The break down has taken place over a range of currencies and we summarize the developments here. The correlations are calculated on the basis of the percent change in the foreign currency and the percent change in the S&P 500 on a rolling 60 day basis.
The euro’s correlation to the S&P 500 may be the most closely followed. In early December the euro’s correlation made what appears to be a record high just below 0.86. It now stands near 0.45. The correlation over the past 30 days has stands near 0.42, indicating a even weaker relationship more recently.
The yen’s correlation with the S&P 500 reached a 7-year high in mid-January of around 0.42. The relationship is now inverse, with the 60-day correlation now at about -0.11.
The Australian dollar and Canadian dollar’s correlations with the S&P 500 have also come off sharply, but remain comparatively high. The Aussie’s correlation stands at around 0.71 now, down from the peak of 0.92 at the end of December. The Canadian dollar’s correlation has fallen from 0.90 in mid-December to 0.68 now.

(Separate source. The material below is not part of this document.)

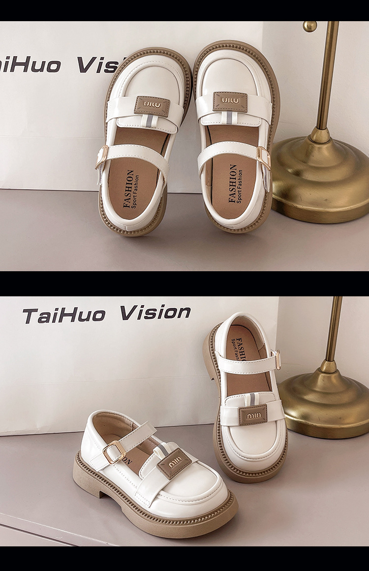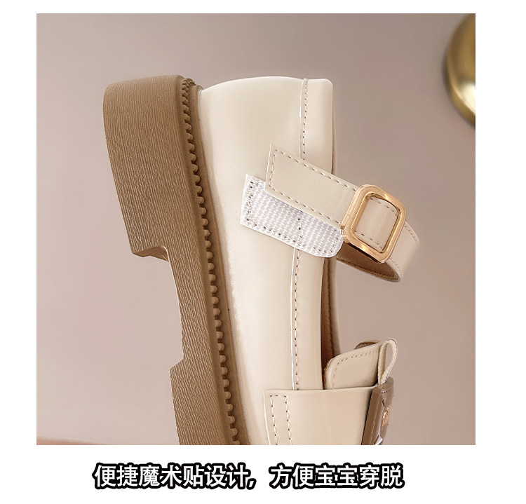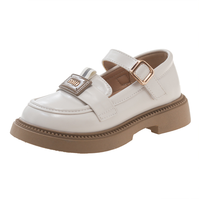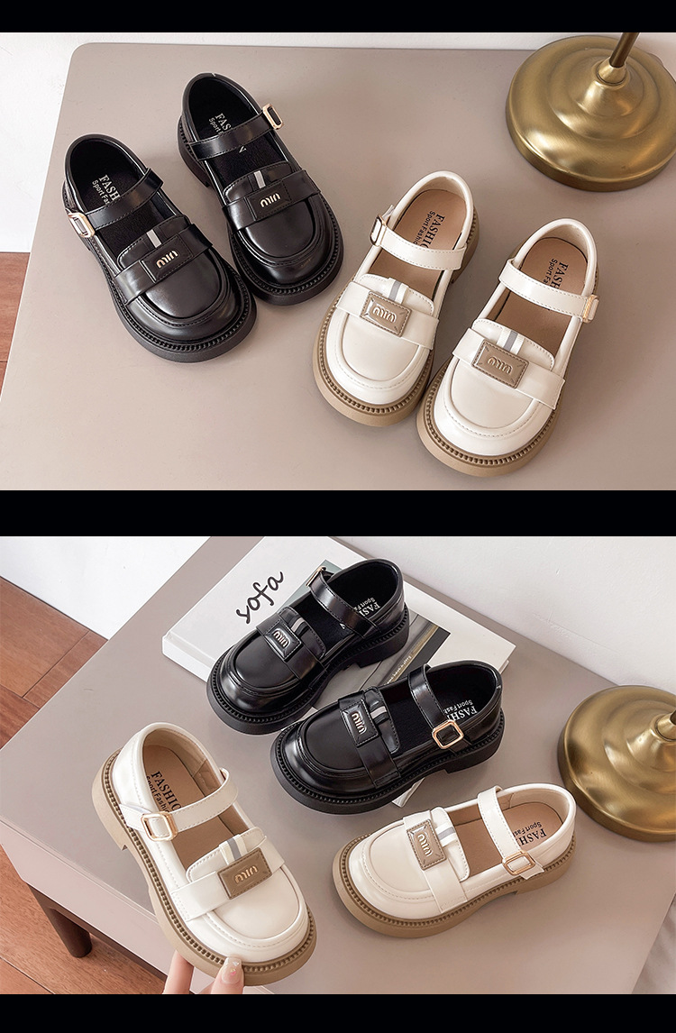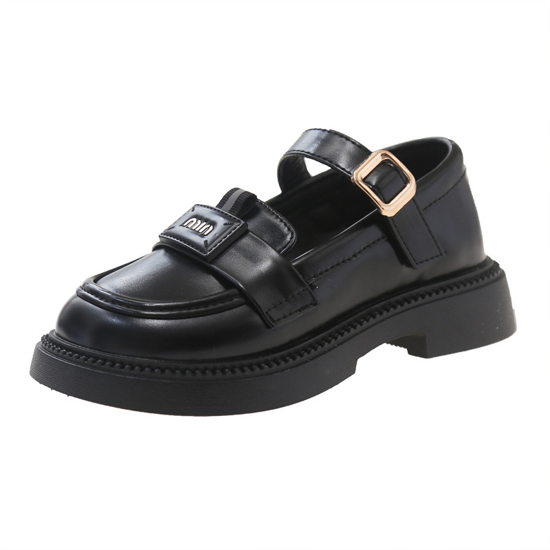 어린이 가죽 신발 2024 가을 새로운 cuhk 어린이 금속 버클 검은 작은 가죽 신발 소녀 신발 미끄럼 방지 학생 신발스토어 가기

We looked at a couple emerging market currencies to see if the break down of the risk-on/risk-off matrix extended outside of the majors and sure enough it did. The Mexican peso’s correlation has fallen from about 0.84 just before Xmas to 0.62 now. At the same time, the South African rand’s correlation has fallen from a little above 0.86 to about 0.61 now.
To round out the exercise, we took a quick look at gold. Gold is seen as the ultimate safe haven and yet it often is positively correlated with the S&P 500, a risk asset. This is the case now. Since the middle of November (even though the European debt crisis was intensifying), gold has been positively correlated with the S&P 500, giving the sense that gold is acting more as a momentum trade than a safe haven. The recent peak of the correlation was in late January near 0.63, which was the highest since April 2010. Today it stands near 0.30.